Scottish painter. The son of a shoemaker, he was apprenticed to a house-painter. From 1816 until 1830 he was employed in the theatre to design and paint stage scenery, first in Edinburgh and Glasgow and after 1822 in London. While in Scotland he met and worked with Clarkson Stanfield and later collaborated with him in London on dioramas and panoramas. 

Roberts exhibited his first easel painting in London in 1824 and at the Royal Academy in 1826 (View of Rouen Cathedral, no. 221; untraced). 

In common with other contemporary painters of picturesque topography and architecture, such as Stanfield, J. D. Harding and James Holland, Roberts undertook journeys abroad in search of exotic or impressive subjects. He made his first visit to Spain in 1832-3, one of the first British artists to travel there. From Spain, Roberts briefly visited Morocco; later he made watercolours from sketches by other artists for engraving in T. H. Horne's Landscape Illustrations of the Bible (1836).

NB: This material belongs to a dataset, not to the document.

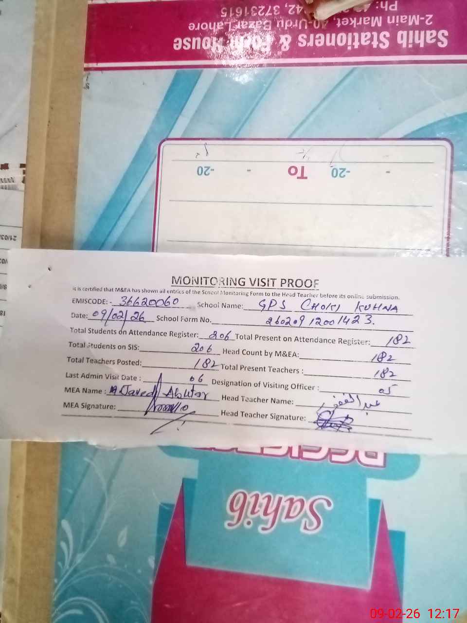 | EMIS Code: 36620060 | Name of School: GPS CHOKI KUHNA | |||

These encounters with the oriental world, in the context of contemporary interest in exotic places, especially the lands of the Bible, encouraged him to undertake a tour of the Near East in 1838. He was one of the first independent and professional British artists to experience the Orient at first hand. 

Roberts arrived in Jerusalem at Easter 1839, having travelled from Egypt via Sinai and Petra; later he continued north to Lebanon and departed from Beirut in May. His drawings show his ability to create visually effective compositions from a variety of subjects. 

Roberts's eastern compositions reached a wide audience through 247 lithographs made by Louis Haghe. Originally published in parts, these were later bound into six volumes as The Holy Land, Idumea, Arabia, Egypt and Nubia (1842-9. 

He was elected ARA in 1838 and RA in 1841.